Translation to human tissues: EX937 suppresses oxaliplatin-induced hyperactivity in primary cultures of human sensory neurons

To translate preclinical data to human tissues, we assessed the effects of EX937 on primary human sensory neurons in primary cultures. In this study, sensory neurons were isolated from dorsal root ganglia of human cadavers. The cells were activated using the chemotherapeutic agent, oxaliplatin, followed by exposure to low temperature (cold buffer). This treatment sequence induces a burst of sensory neuron activity, which allows for testing the impact of EX937. As shown in the figures below, EX937 reduced the calcium transients (a measure of neuronal activation) evoked by treatment with oxaliplatin and subsequent exposure to a low-temperature buffer. These results indicate that FAAH inhibition decreases pathological activity in human sensory neurons, consistent with EX937 being a potential treatment for neuronal hypersensitivity disorders such as RCC¹².

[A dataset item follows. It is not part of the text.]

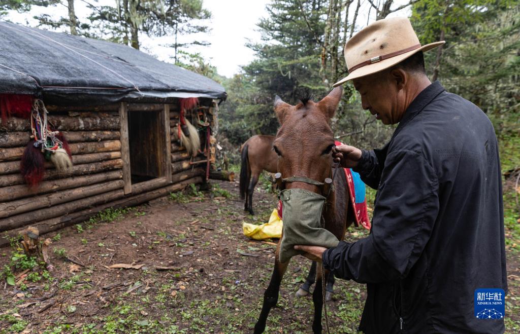 瀘沽湖馬幫隊隊長(cháng)楊直之在營(yíng)地為給牲口喂口糧,為下山做準備(9月2日攝)。

EX937 reduces bladder overactivity and hyperactivity in a rodent model

In work done by a Japanese research group at the University of Tokyo, EX937 (URB937) was shown to reduce bladder hyperactivity, and specifically the activation of nerve fibers¹³. In the figure below, the left panel shows integrated responses of both afferent fibers before and after EX937 administration, during saline- and PGE2 [Prostaglandin E2]-instillations (100 uM). The results are consistent with our RCC data as well as the neuronal activity data obtained from primary human sensory neurons, and support the clinical application in treatment of hyperactive bladder.